• [RAW DATA]
........

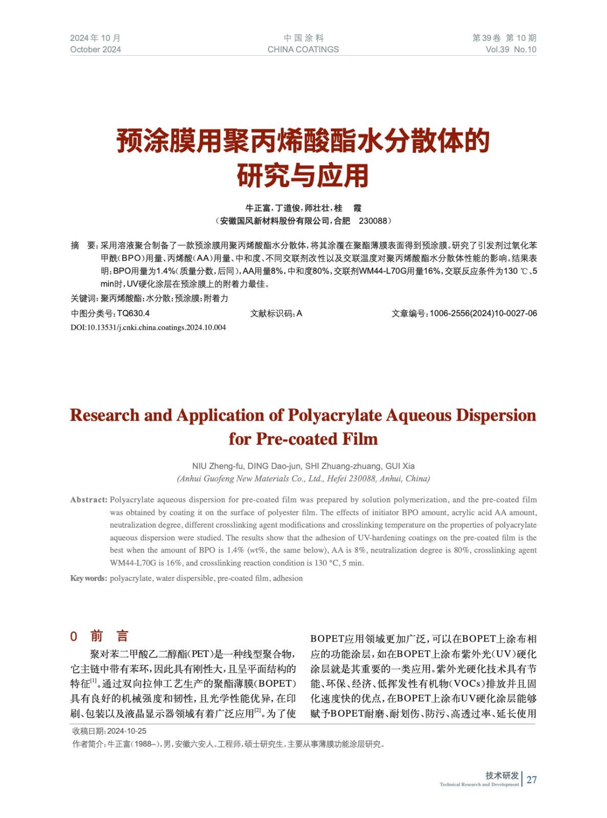 預涂膜用聚丙烯酸酯水分散體的研究與應用
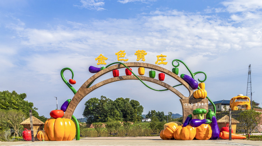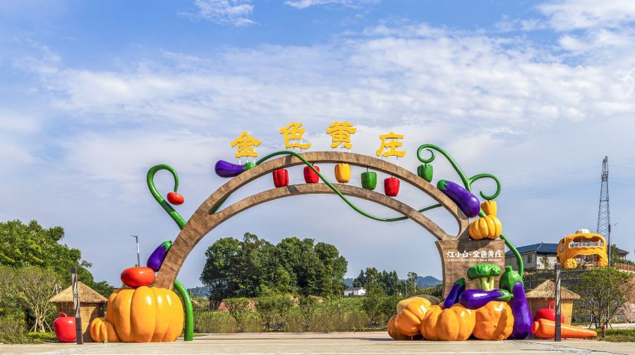 江小白·金色黄庄,建设有江小白的一亩三分地和全市首座农科文化主题乐园——大地乐园。项目充分运用大数据、人工智能、VR、AR等互联网前沿技术,通过沉浸式互动项目,打造农科世界、巨型花园、热带丛林等场景,为游客创造了一个光怪陆离、趣味探险、幽静避世的理想田园。
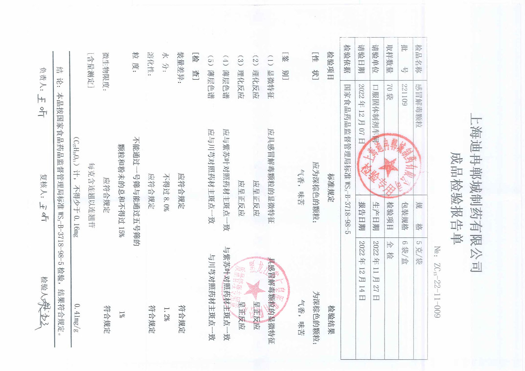 感冒解毒颗粒2211

........

• [WORK TASK] In the copy, include no pictures; restate the listing above exactly.

• [EXERCISE OUTPUT]
 預涂膜用聚丙烯酸酯水分散體的研究與應用
 江小白·金色黄庄,建设有江小白的一亩三分地和全市首座农科文化主题乐园——大地乐园。项目充分运用大数据、人工智能、VR、AR等互联网前沿技术,通过沉浸式互动项目,打造农科世界、巨型花园、热带丛林等场景,为游客创造了一个光怪陆离、趣味探险、幽静避世的理想田园。
 感冒解毒颗粒2211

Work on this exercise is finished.